Efficient estimation of propagator anisotropy and non-Gaussianity in multishell diffusion MRI with micro-structure adaptive convolution kernels and dual Fourier integral transforms

Purpose We seek to reformulate the so-called Propagator Anisotropy (PA) and Non-Gaussianity (NG), originally conceived for the Mean Apparent Propagator diffusion MRI (MAP-MRI), to the Micro-Structure adaptive convolution kernels and dual Fourier Integral Transforms (MiSFIT). These measures describe relevant normalized features of the Ensemble Average Propagator (EAP).
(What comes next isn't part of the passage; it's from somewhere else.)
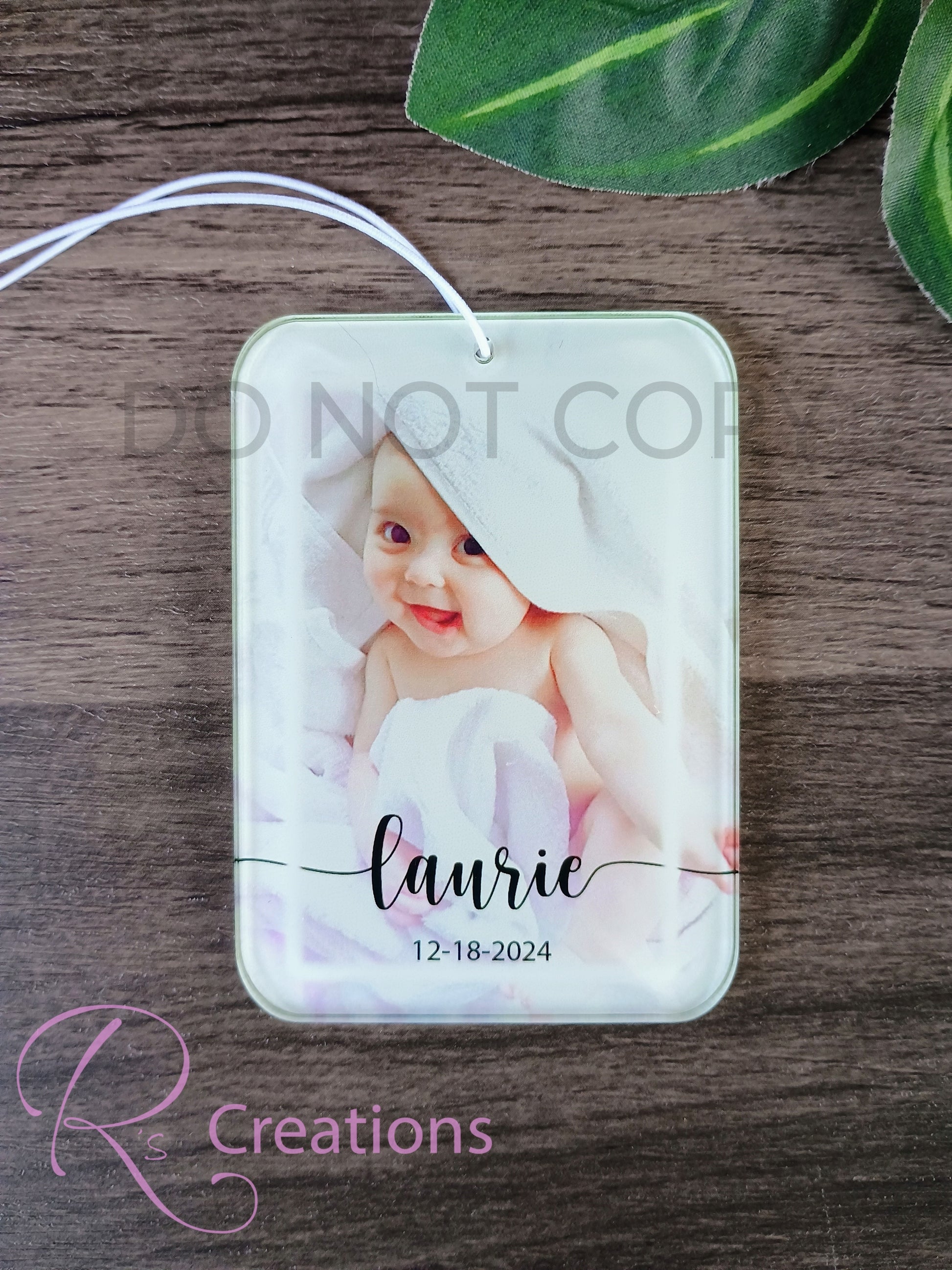 Customized with your photo, names and date. All are optional. Please choose in the text box info. Please know that the more writing you want, the smaller the writing will be.

Theory and Methods First, the indices, which are defined as the EAP's dissimilarity from an isotropic (PA) or a Gaussian (NG) one, are analytically reformulated within the MiSFIT framework. Then a comparison between the resulting maps is drawn by means of a visual analysis, a quantitative assessment via numerical simulations, a test-retest study across the MICRA dataset (6 subjects scanned five times) and, finally, a computational time evaluation. Results Findings illustrate the visual similarity between the indices computed with either technique. Evaluation against synthetic ground truth data, however, demonstrates MiSFIT's improved accuracy. In addition, the test-retest study reveals MiSFIT's higher degree of reliability in most of white matter regions. Finally, the computational time evaluation shows MiSFIT's time reduction up to two orders of magnitude. Conclusions Despite being a direct development on the MAP-MRI representation, the PA and the NG can be reliably and efficiently computed within MiSFIT's framework. This, together with the previous findings in the original MiSFIT's article, could mean the difference that definitely qualifies diffusion MRI to be incorporated into regular clinical settings.